The appeal which is vehemently contested proceeded by way of written submissions.  I have considered the rival submissions, the cases cited by Counsel, the proceedings before the lower court, the ruling and the law.  It was not disputed that the appellant had advanced a loan to the 1st respondent.  It was also not denied that the 1st respondent had defaulted and that therefore the appellant had a right to realize its security.  It is also evident that the appellant did also demonstrate that it had issued a statutory notice as required by Section 90 (1) of the Land Actbut the 1st respondent disputed that the address to which the notice was sent belonged to him.  It is my finding therefore that the trial Magistrate was correct in coming to the conclusion that that was an issue to be tried in the case and that the 1st respondent had established a prima facie case to warrant an order for stoppage of the intended sale.  However, I find that the court erred by issuing an order that perpetually prevented the appellant from exercising its statutory power of sale when in fact all that was required was for the appellant to issue a statutory power of sale and properly serve the 1st respondent.  The order I would have issued in this appeal therefore would be that the injunction would be granted subject to the appellant issuing and properly serving the 1st respondent with a notice as required by Section 90 (1) of the Land Act or upon the hearing and determination of the suit whichever came first.  It will however be noted that the injunction has since lapsed by dint of Order 40 Rule 6 of the Civil Procedure Rules which states: -

“6.   Where a suit in respect of which an interlocutory injunction has been granted is not determined within a period of twelve months from the date of the grant, the injunction shall lapse unless for any sufficient reason the court orders otherwise.”

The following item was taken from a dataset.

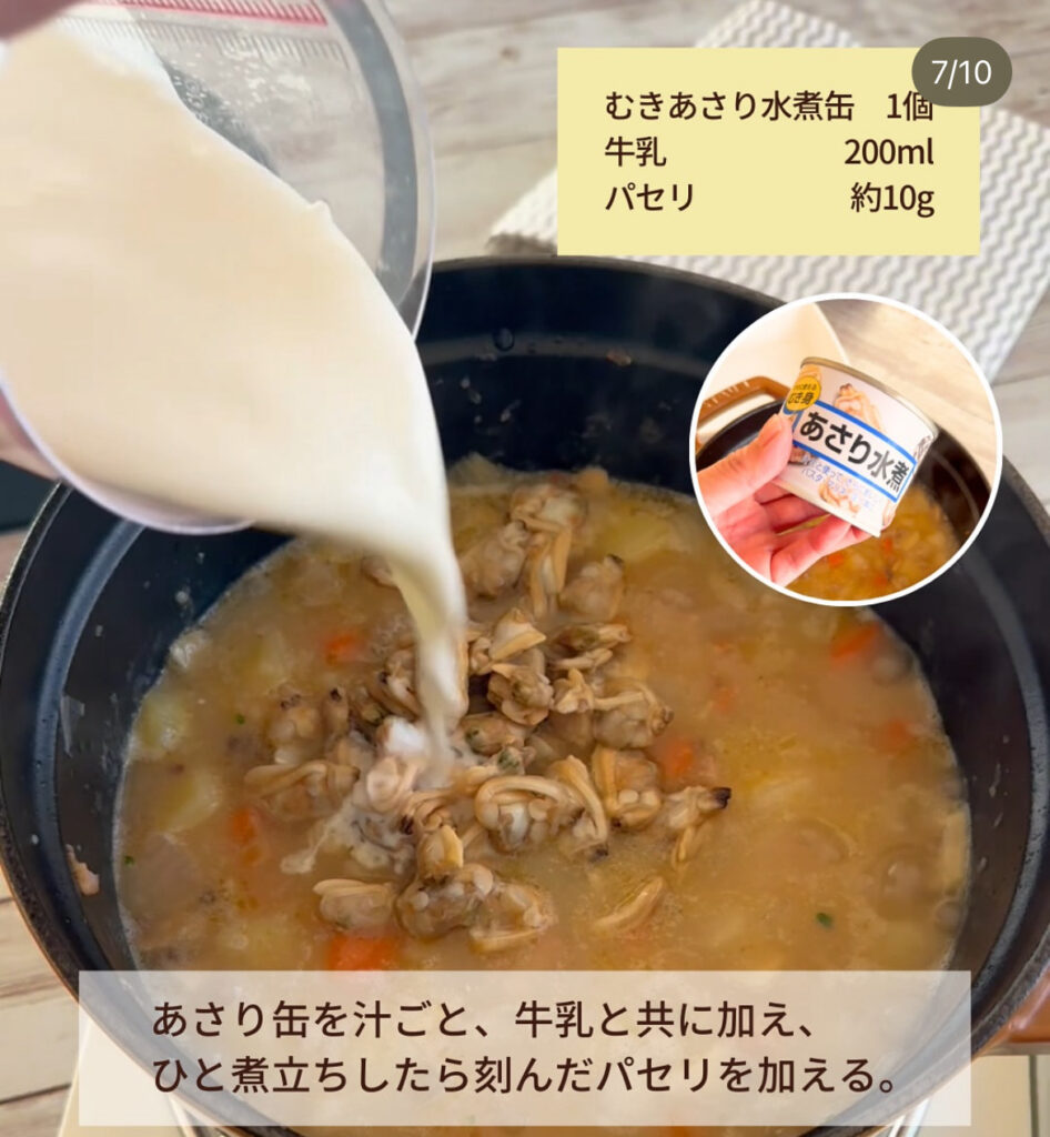 野菜が柔らかくなったら、あさり水煮缶を汁ごと・牛乳を加え、塩コショウで味を調えてひと煮立ちさせる。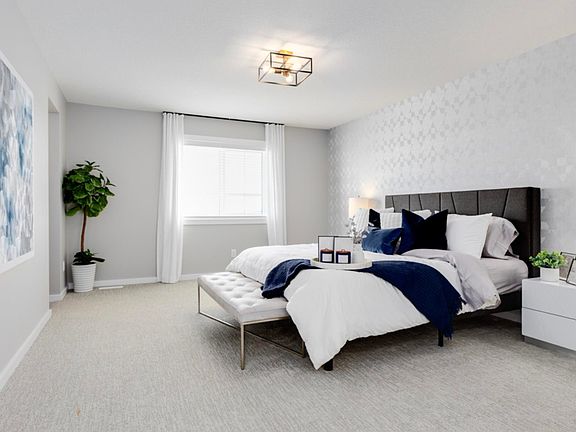 SOPHISTICATED UPGRADES | WALKOUT BASEMENT WITH POND VIEW | PIE LOT | CUL-DE-SAC. Homes By Avi welcomes you to picturesque Marquis West with this exceptional 2 storey with room for every family member to live comfortably. Stunning details throughout this 3 bedroom (all w/WIC’s), 2.5 bathroom home showcasing desired dreamy neutral palette & black hardware package. 2340 SQ FT above grade boasting vinyl plank flooring, plush carpet, finished stairs to basement, electric f/p & oversized windows in GREAT ROOM, plus chef’s kitchen w/42" upper cabinets, chimney hood fan, gas rough-in & robust appliance allowance. Upstairs, the king-sized primary retreat offers a 5-piece ensuite w/soaker tub, dual sinks & walk-in shower. Two add'l bedrooms, add'l bath (w/dual vanities), laundry room & cozy family room (w/conduit for future wiring) complete the upper level. Full 24’ wide back deck offers great entertaining space for all seasons. Double attached garage & prime location close to schools, shopping & parks. MUST SEE!

There is nothing before me to demonstrate that the court that issued the injunction has ordered otherwise and the order having lapsed by effluxion of time and by prescription of the law there is nothing for this court to set aside.  Had the appeal been heard expeditiously the order that I would have granted would have been one to preserve the appellant’s statutory power of sale subject to issuance and proper service of the statutory notice.  The appeal would have succeeded and been allowed to that extent only.  Those would have been the orders of this court and that being the case on costs the order that best commends itself to me is that each party shall bear their own costs.

The 2nd respondent was improperly joined to this appeal and the appeal against him shall be dismissed but as he did not file a response there shall be no orders for costs.

Signed and dated at Nyamira this 16th day of December 2020.

E. N. MAINA

JUDGE

Judgement dated and delivered in Kiambu Electronically via Microsoft Teams on this 18th day of December 2020.